__Instructions for the task__: Please restate the data below word for word, omitting all images.

*** Opening Data shown ***

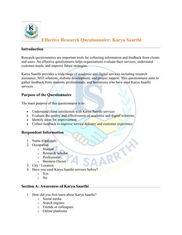 Effective Research Questionnaire
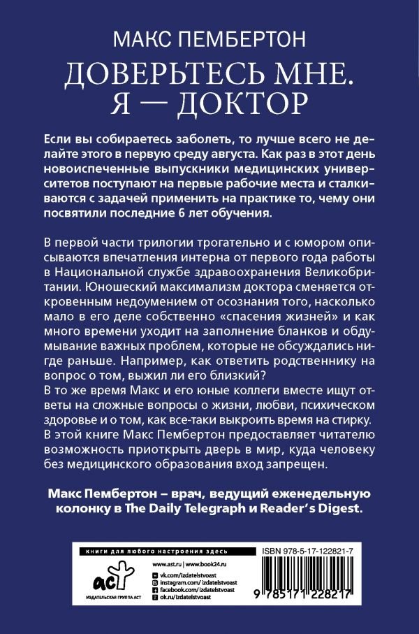 В первой части трилогии Макса Пембертона трогательно и с юмором описываются впечатления интерна от первого года работы в Национальной службе здравоохранения Великобритании. Юношеский максимализм доктора сменяется откровенным недоумением от осознания того, насколько мало в его деле собственно «спасения жизней» и как много времени уходит на заполнение бланков и обдумывание важных проблем, которые не обсуждались нигде раньше. Например, как ответить родственнику на вопрос о том, выжил ли его близкий?
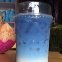 This drink features the vibrant, all-natural blue of butterfly pea flower tea beautifully layered over rich, creamy coconut milk.

*** Closing Data shown ***

__Task response__:
 Effective Research Questionnaire
 В первой части трилогии Макса Пембертона трогательно и с юмором описываются впечатления интерна от первого года работы в Национальной службе здравоохранения Великобритании. Юношеский максимализм доктора сменяется откровенным недоумением от осознания того, насколько мало в его деле собственно «спасения жизней» и как много времени уходит на заполнение бланков и обдумывание важных проблем, которые не обсуждались нигде раньше. Например, как ответить родственнику на вопрос о том, выжил ли его близкий?
 This drink features the vibrant, all-natural blue of butterfly pea flower tea beautifully layered over rich, creamy coconut milk.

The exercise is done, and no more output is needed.